** Opening RECORDED DATA block **
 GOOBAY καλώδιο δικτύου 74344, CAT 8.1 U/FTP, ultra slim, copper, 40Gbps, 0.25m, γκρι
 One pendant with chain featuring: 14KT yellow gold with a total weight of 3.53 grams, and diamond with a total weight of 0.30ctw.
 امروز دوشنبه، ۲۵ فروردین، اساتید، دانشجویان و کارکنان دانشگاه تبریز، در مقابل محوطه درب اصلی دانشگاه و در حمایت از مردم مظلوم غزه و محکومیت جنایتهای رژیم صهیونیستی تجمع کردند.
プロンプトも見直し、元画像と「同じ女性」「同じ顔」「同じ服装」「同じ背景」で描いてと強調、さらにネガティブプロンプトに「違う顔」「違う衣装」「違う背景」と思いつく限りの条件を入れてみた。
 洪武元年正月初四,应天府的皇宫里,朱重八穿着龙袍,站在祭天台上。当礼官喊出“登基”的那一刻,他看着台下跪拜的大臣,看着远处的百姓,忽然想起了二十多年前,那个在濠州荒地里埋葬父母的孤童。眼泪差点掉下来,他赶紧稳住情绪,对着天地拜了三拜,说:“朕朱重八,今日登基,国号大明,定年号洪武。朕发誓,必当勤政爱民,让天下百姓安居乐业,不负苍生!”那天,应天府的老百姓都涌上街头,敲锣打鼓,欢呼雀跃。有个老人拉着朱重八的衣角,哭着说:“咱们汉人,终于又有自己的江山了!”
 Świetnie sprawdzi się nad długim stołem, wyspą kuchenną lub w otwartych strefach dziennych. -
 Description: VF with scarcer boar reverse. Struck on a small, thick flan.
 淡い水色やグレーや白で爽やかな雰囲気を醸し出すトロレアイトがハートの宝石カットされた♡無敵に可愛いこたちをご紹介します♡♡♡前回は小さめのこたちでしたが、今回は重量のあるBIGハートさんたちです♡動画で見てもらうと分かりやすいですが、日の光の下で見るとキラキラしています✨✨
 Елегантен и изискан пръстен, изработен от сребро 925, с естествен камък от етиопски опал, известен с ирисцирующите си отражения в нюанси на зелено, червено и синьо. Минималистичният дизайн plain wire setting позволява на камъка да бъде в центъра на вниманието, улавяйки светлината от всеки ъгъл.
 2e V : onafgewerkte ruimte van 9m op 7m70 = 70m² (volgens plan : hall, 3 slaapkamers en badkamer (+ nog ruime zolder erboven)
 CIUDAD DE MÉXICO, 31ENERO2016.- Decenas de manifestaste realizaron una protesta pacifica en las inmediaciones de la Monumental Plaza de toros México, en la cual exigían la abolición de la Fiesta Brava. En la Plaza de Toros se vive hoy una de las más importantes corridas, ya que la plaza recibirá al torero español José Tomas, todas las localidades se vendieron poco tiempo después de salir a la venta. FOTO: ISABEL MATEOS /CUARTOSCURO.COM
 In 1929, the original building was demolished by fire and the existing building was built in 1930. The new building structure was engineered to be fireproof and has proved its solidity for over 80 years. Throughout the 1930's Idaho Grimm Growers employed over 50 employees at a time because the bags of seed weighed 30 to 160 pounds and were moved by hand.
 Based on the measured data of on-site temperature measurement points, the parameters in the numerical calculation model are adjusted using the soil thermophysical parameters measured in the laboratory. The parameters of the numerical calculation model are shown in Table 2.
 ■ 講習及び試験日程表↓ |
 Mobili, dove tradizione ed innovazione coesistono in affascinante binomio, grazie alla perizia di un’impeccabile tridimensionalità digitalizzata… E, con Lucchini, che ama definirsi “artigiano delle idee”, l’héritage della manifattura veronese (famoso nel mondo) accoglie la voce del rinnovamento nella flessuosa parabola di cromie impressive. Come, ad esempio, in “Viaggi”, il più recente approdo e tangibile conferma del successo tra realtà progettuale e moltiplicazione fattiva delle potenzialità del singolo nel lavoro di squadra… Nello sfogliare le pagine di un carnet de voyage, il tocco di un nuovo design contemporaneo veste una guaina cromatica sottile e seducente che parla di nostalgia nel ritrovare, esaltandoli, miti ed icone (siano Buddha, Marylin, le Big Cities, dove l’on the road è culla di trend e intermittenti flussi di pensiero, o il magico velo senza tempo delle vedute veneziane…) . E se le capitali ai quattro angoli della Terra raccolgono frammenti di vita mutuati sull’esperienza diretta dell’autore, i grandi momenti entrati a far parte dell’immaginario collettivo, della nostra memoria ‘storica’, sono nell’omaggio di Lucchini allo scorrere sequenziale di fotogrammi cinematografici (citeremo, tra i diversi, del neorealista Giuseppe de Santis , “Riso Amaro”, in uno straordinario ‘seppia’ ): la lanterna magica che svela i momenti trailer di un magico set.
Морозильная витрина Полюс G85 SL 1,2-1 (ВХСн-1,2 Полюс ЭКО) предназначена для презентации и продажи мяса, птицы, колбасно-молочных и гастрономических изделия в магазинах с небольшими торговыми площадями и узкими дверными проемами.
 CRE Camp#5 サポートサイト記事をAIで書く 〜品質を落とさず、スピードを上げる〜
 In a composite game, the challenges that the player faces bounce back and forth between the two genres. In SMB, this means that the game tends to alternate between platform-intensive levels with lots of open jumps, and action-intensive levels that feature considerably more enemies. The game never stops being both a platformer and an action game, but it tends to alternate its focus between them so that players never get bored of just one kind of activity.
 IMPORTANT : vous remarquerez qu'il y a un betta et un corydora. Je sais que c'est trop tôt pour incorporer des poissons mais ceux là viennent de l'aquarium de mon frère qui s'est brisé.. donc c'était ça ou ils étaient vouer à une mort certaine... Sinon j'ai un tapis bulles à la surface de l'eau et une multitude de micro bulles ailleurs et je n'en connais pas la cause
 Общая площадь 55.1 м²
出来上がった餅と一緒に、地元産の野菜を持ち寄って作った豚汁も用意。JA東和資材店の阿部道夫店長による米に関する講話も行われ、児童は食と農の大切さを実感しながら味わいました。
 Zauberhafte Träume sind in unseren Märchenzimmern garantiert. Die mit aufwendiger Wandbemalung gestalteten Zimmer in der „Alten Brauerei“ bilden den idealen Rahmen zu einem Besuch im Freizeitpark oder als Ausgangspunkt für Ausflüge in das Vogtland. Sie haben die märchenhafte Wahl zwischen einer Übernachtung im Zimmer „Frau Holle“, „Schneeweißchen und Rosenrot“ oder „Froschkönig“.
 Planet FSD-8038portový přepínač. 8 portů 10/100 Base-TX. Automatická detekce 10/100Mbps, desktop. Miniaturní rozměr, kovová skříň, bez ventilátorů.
** Closing RECORDED DATA block **
• ASSIGNMENT: What lines in the records above include the string "with"? Copy each one.

• ANSWER FOR THIS EXERCISE:
 One pendant with chain featuring: 14KT yellow gold with a total weight of 3.53 grams, and diamond with a total weight of 0.30ctw.
 Description: VF with scarcer boar reverse. Struck on a small, thick flan.
 In a composite game, the challenges that the player faces bounce back and forth between the two genres. In SMB, this means that the game tends to alternate between platform-intensive levels with lots of open jumps, and action-intensive levels that feature considerably more enemies. The game never stops being both a platformer and an action game, but it tends to alternate its focus between them so that players never get bored of just one kind of activity.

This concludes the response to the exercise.